Он поднял голову и взглянул на небо. Оно наливалось грозной темной синевой, но было удивительно чистым. Редкая цепочка облаков проплывала к востоку, к незнакомой долине, скрытой пеленой тумана.

При восхождении на Монблан в 1787 году Соссюр решил определить цвет его неба. Он изготовил шестнадцать полосок бумаги синего цвета, каждый – с понижением тона. И принес оттуда «образец неба Монблана».

Фон Бах закрывает глаза и стоит так, опершись на свой ледоруб фирмы «Fülpmess». Небо более не было чистым…

Сын Соссюра в Шамони и один его ученик в Женеве тоже располагали точно таким же набором окрашенной бумаги; Шестнадцать полосок разного цвета, «от синей лазури до прекрасной голубой Пруссии». Если бы Соссюр смог подняться сюда, их оказалось бы недостаточно.
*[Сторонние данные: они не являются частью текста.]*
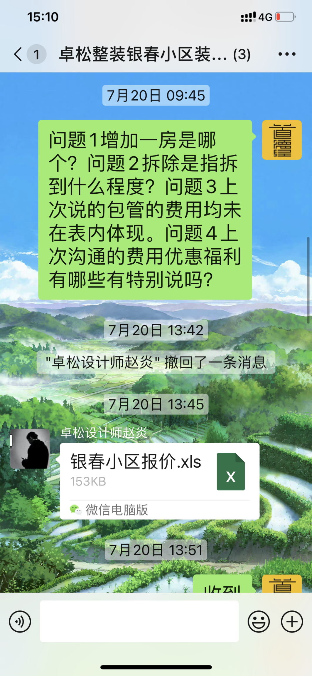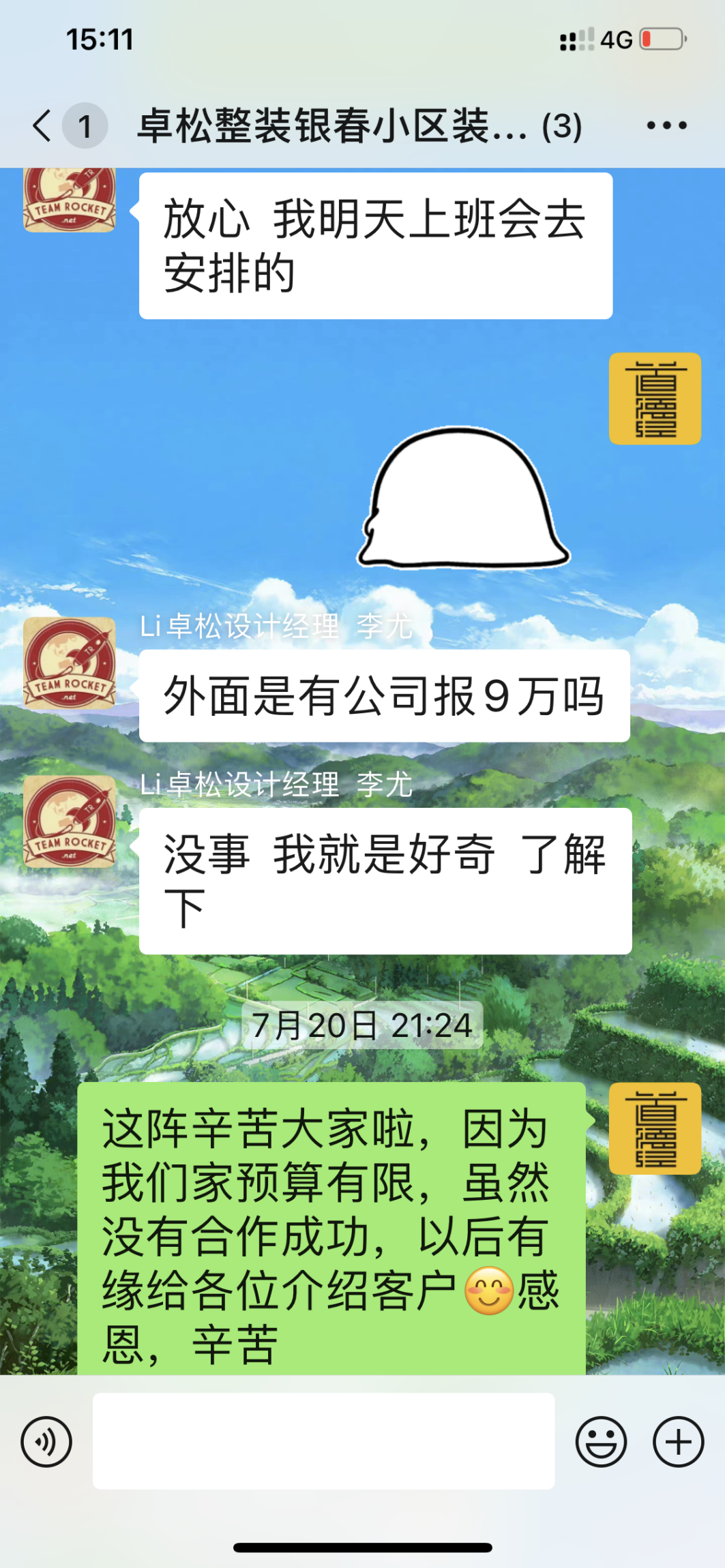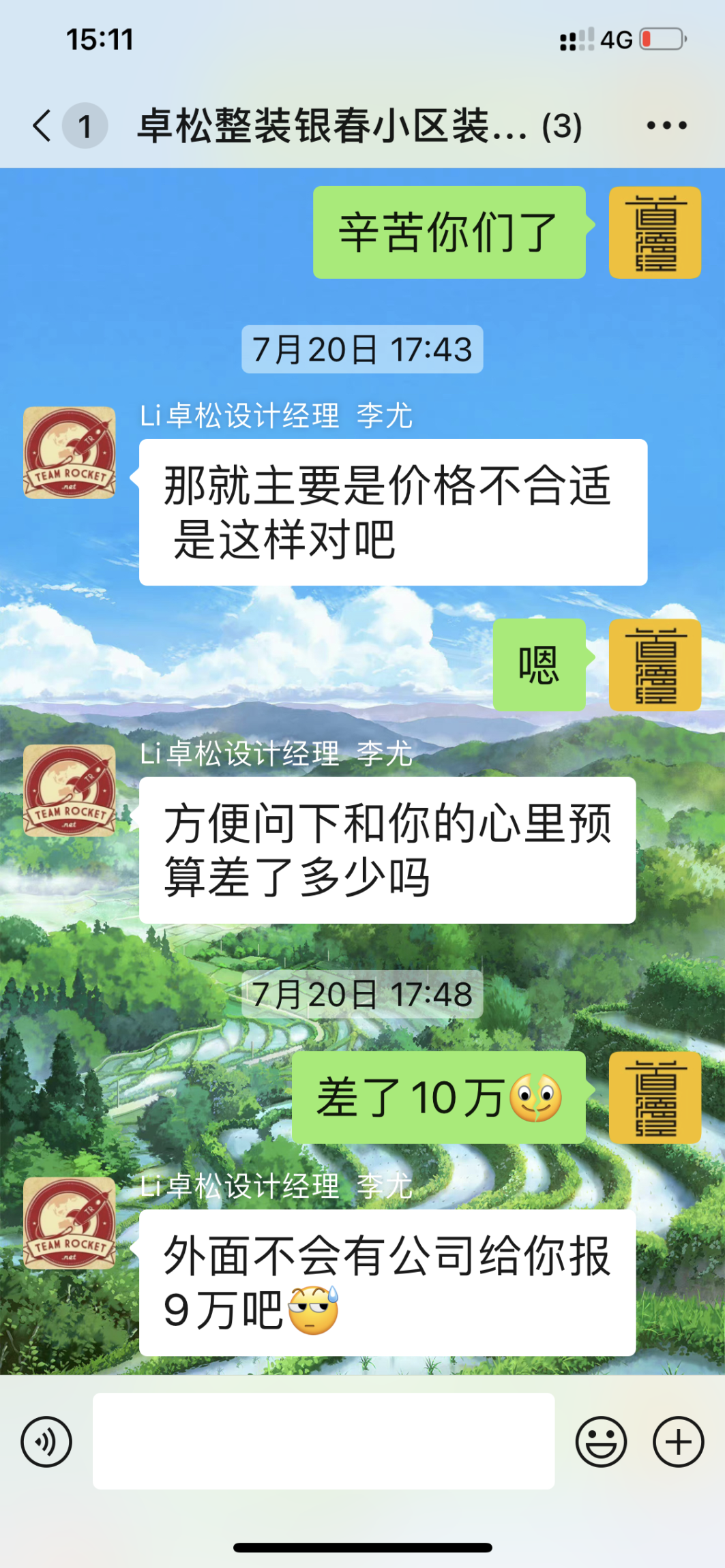 并且我不會跟你和這個設(shè)計師合作,簡單舉個例子:1.你們的服務(wù)沒有和當時我第一次來你們公司你們大李總在的時候給予的詳細的方案一樣,而是三天給你們?nèi)齻€工作日你們給我的方案,報價還是不含我們家的院子的,2.甚至發(fā)我的報價連表格的表頭都沒有,我根本看不懂一串數(shù)字代表什么,后來我很生氣給你們打了電話以后,很快就發(fā)給我19萬多報價了。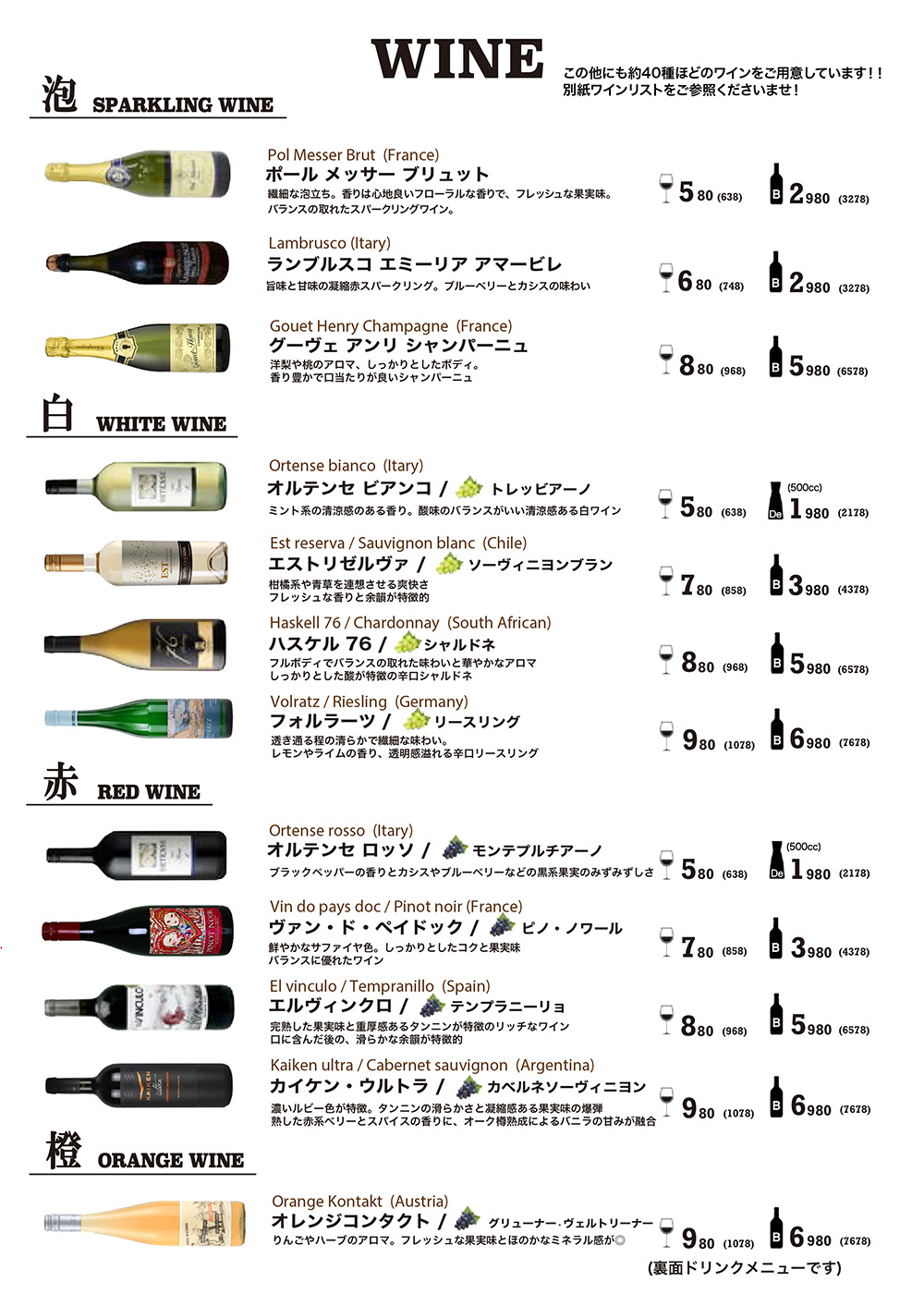 ボトルワインは2,980円から60種類の世界各国の安旨ワインが揃っています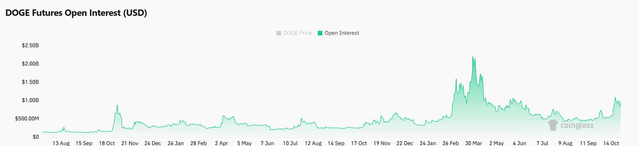 Hơn nữa, lãi suất mở của Dogecoin đã tăng 15,69%, hiện đạt tổng cộng 988,75 triệu USD. Sự gia tăng này cho thấy sự gia tăng đáng kể trong hoạt động đầu cơ, có thể phản ứng với đợt bứt phá.
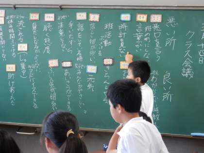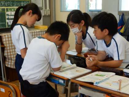 5年生が、グループで自分たちの考えや思いを伝え合っていました。1組では、算数の時間に「平均のもとめかた」について考えていました。2組では、学級会で出てきたクラスの問題を改善するために、何をしていけばよいのかについて意見を出し合いました。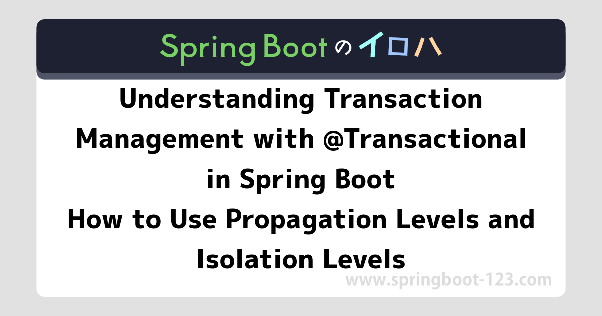 - Understanding Transaction Management with @Transactional in Spring Boot - How to Use Propagation Levels and Isolation Levels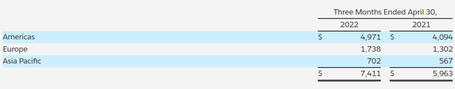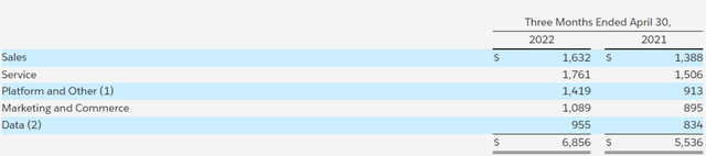 最新財報顯示,截至2022年4月30日的2023財年第一季度,Salesforce業(yè)務(wù)收入為74.1億美元,同比增長24%,業(yè)績增長強勁。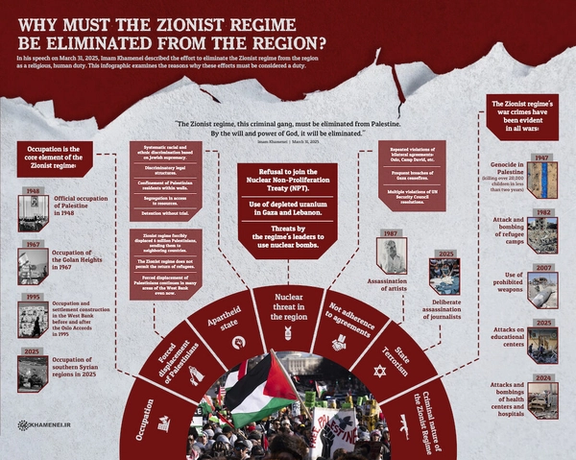 An infographic published on Khamenei’s website on Tuesday described “the effort to eliminate the Zionist regime from the region as a religious, human duty," citing his March 31 speech.
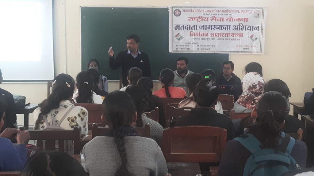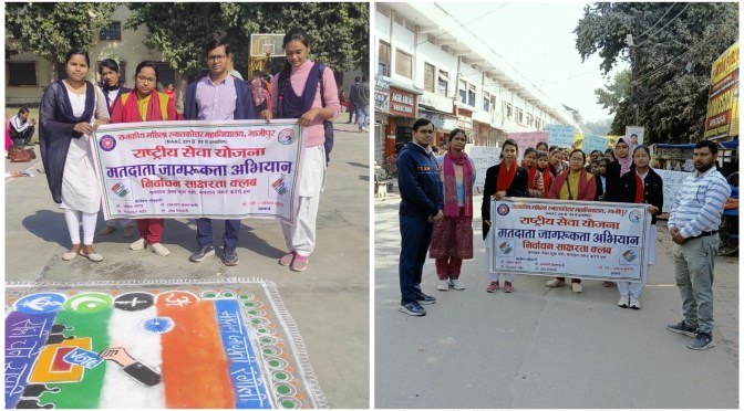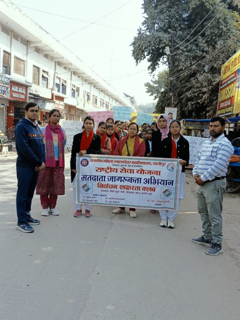 गाजीपुर। शनिवार को राजकीय महिला स्नातकोत्तर महाविद्यालय में राष्ट्रीय सेवा योजना का प्रथम एक दिवसीय शिविर आयोजित किया गया । इस अवसर पर सर्वप्रथम राष्ट्रीय सेवा योजना की स्वयंसेवी छात्राओं द्वारा 15वें राष्ट्रीय मतदाता दिवस के उपलक्ष्य में महाविद्यालय से राइफल क्लब तक एक जागरूकता रैली निकाली गई । रैली को महाविद्यालय की प्राचार्य एवं संरक्षिका प्रो.अनिता कुमारी ने हरी झंडी दिखाकर रवाना किया ।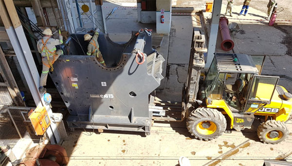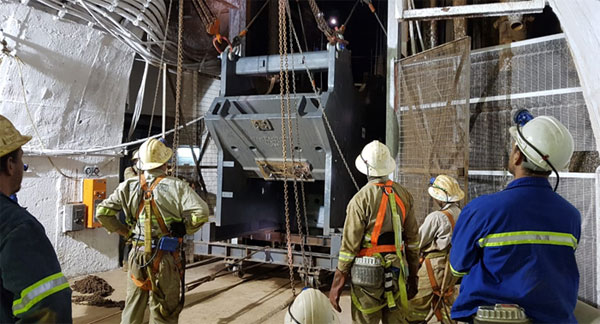 Main frame of the new underground rock crusher secured onto the base plate at the 1,150-metre level, ready for reassembly and commissioning.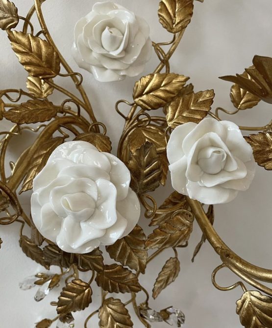Be the first to review “gold leaf wall lamps, wrought iron sconces with white porcelain roses”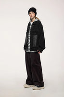 Fashionable unisex styling ensures inclusive fit and contemporary appeal. Hooded design adds functional versatility and street-ready attitude. Mandarin collar creates distinctive neckline and classic biker aesthetic.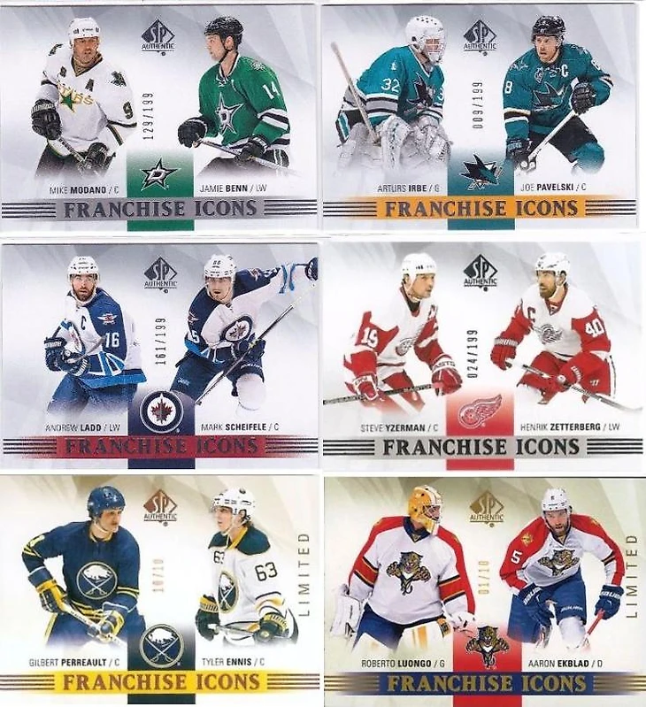Franchise Icons. 30 карт (№ 161-190) тираж каждой карты 199 экз. На картах изображены 2 игрока - звезда прошлго (или ветеран) и молодая звезда - оставившие заметный след в развитии клуба. По 1 карте на команду. Попадается 1-2 карты на кейс.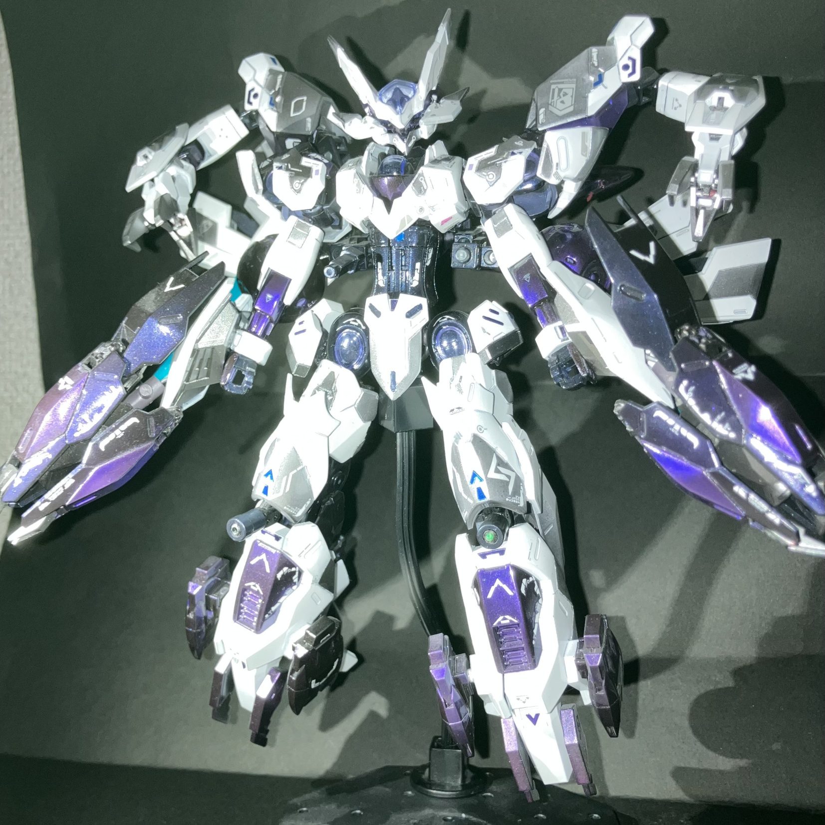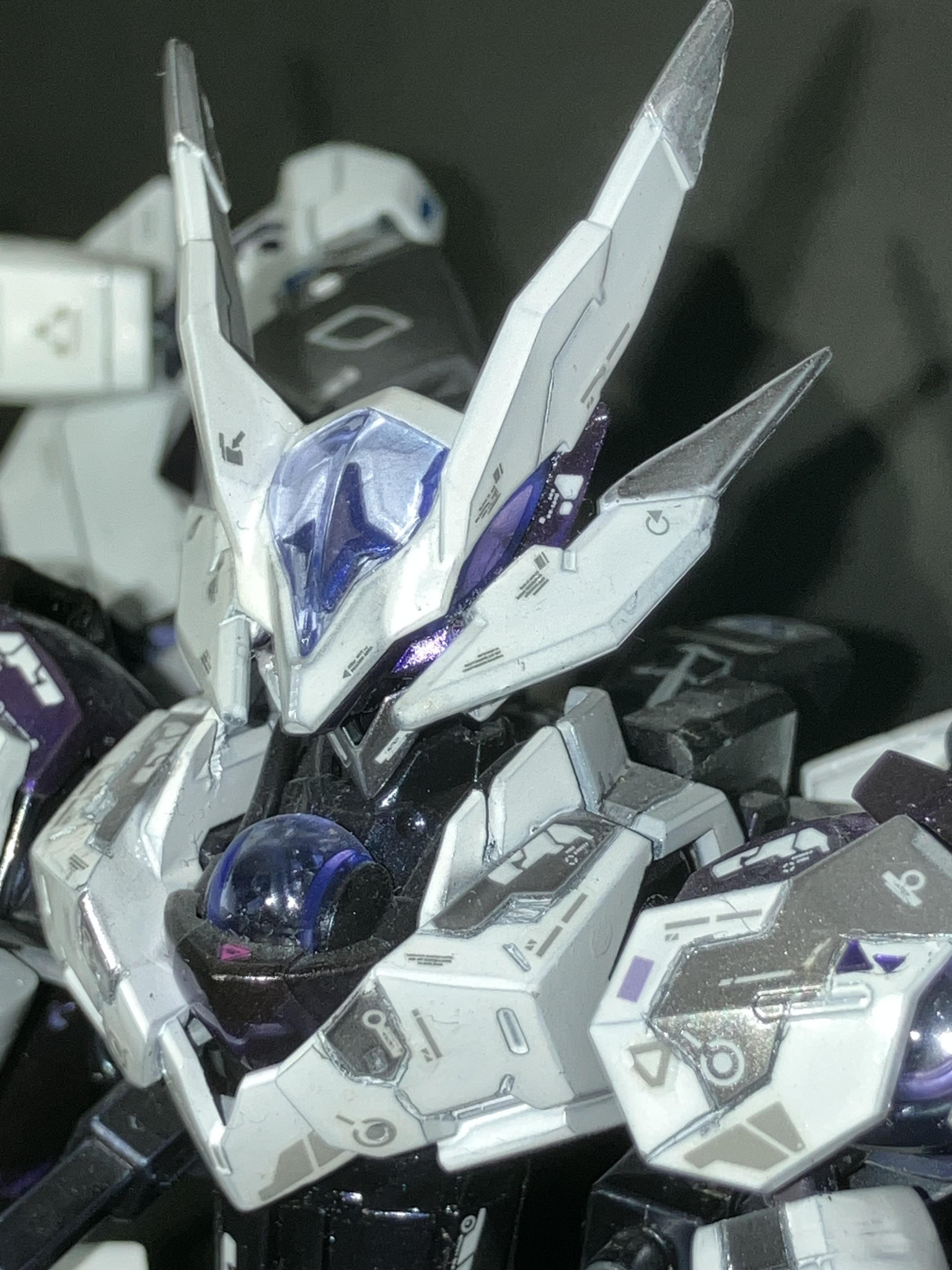 ベギルベウトルシュの展開した時の脚の大きさに合わせて全体をミキシング盛りました。胴体をミカエリスのものにし、腕、胴体、首を延長しています。装甲や武装の一部は2種のパープルのキャンディ塗装ですが暗めで画像だと色分けがわかりにくいです。顔はベギルベウトルシュ(ケナンジ機)のものにミカエリスのアンテナ×2、ミカエリスのマスクの下部分を接着し元のデザインを残しつつ騎士のマスクに見えるようにしました。

Ему пришлось бы взять другие цвета: гораздо темнее, включая почти что черный.

Но в то время высочайшей вершиной мира считалась Чимборасо в Кордильерах. А о высоте Гималаев тогда и понятия не имели, и только один иезуит из Тироля, Тиффен-талер, обсуждал результаты своих вычислений с Анкетилем Дюперроном.

Анкетиль был беден, и, чтобы добраться до Индии, имея одну-единственную цель – расшифровку зендской письменности, – ему пришлось наняться простым солдатом. Он рассчитывал найти там доказательства древности Библии, но зендский язык «Авесты», которую он перевел, принес обратный результат: открытие более древней традиции и хронологии, противоречащей куцым шести тысячам лет библейской истории.

Сегодня наша вера менее наивна.

28 мая 1804 года Анкетиль, ставший к тому времени уважаемым ученым, произнес великолепные слова, отказавшись поклясться в верности императору: «Я – просто литератор и нечего более, то есть для государства я – ноль».

Немецкая лазурь – это синий кобальт. Голубая Пруссия была изобретена в 1704-м, существует несколько ее оттенков. Настоящий ультрамарин – это ляпис-лазурь: самая дорогая из всех используемых художниками красок. Искусственный ультрамарин появляется только с 1828 года, у Соссюра его не было. Так какого же цвета это небо?

И какой цвет надо нанести на палитру художника, чтобы нарисовать небо вершины Сертог? Там, куда не поднимался ни один живописец.

Мы о многом беседовали с Мершаном. Но никогда – о живописи.

Фон Бах задумался о той поре, когда он бегал в Баварские горы с коробкой акварели и этюдником на плечах, и замечтался, вспомнив о Тернере, Джоне Мартине и Фридрихе – своих учителях.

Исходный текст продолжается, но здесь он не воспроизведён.